The problem is that the following should all be considered identical:
pub struct Data {...}
pub type Error = String;
pub fn foo() -> Result<Data, String> {...}
pub struct Data {...}
pub type Error = String;
pub fn foo() -> Result<Data, Error> {...}
mod detail {
pub struct Data {...}
pub type Error = String;
pub fn foo() -> Result<Data, Error> {...}
}
pub use detail::*;
Particularly, that last one requires that the path you compare, say, in foo's return type, is not detail::Data but rather just Data because that’s what is exported, i.e. the canonicalization for all of them is:
pub struct Data {...}
pub type Error = std::string::String;
pub fn foo() -> std::result::Result<Data, std::string::String>;
Now this is a deterministic algorithm that requires name resolution (so an AST isn’t enough), but there’s another hitch: what if you make detail public? Or what if it was from the start?

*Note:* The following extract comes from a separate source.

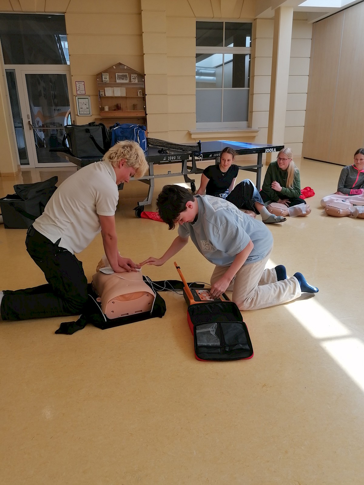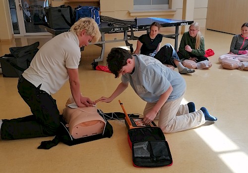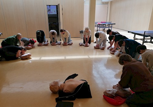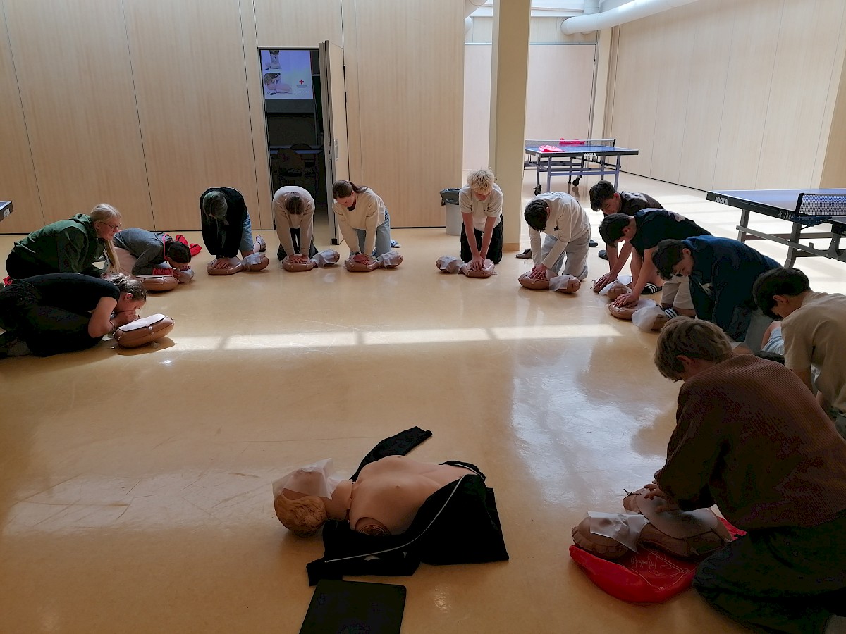 Schlussendlich stand ein Block Erste Hilfe an. Von einfachen Verbänden, die man immer im Alltag benötigen kann - gerade als Sportler*In, bis hin zum Erkennen von Schlaganfall, Herzinfarkt und der Durchführung einer Reanimation, wurde viel behandelt.

Or you add a third way to access those 3 items.
The only solution, IMO, is to use an arbitrary choice (e.g. shortest past and lexicographic so rather Data than foo::Data than aaaaa::Data than detail::Data), for the older version, then if any of the exported items in the new version has the same export path as an item from the old version, it uses the old canonical path, otherwise it’s arbitrary.
You can get away with doing only some equivalences (i.e. not substituting type aliases, although this feels like it’d have a high false positive rate), but you still need name resolution to have completed to handle any shape of exports.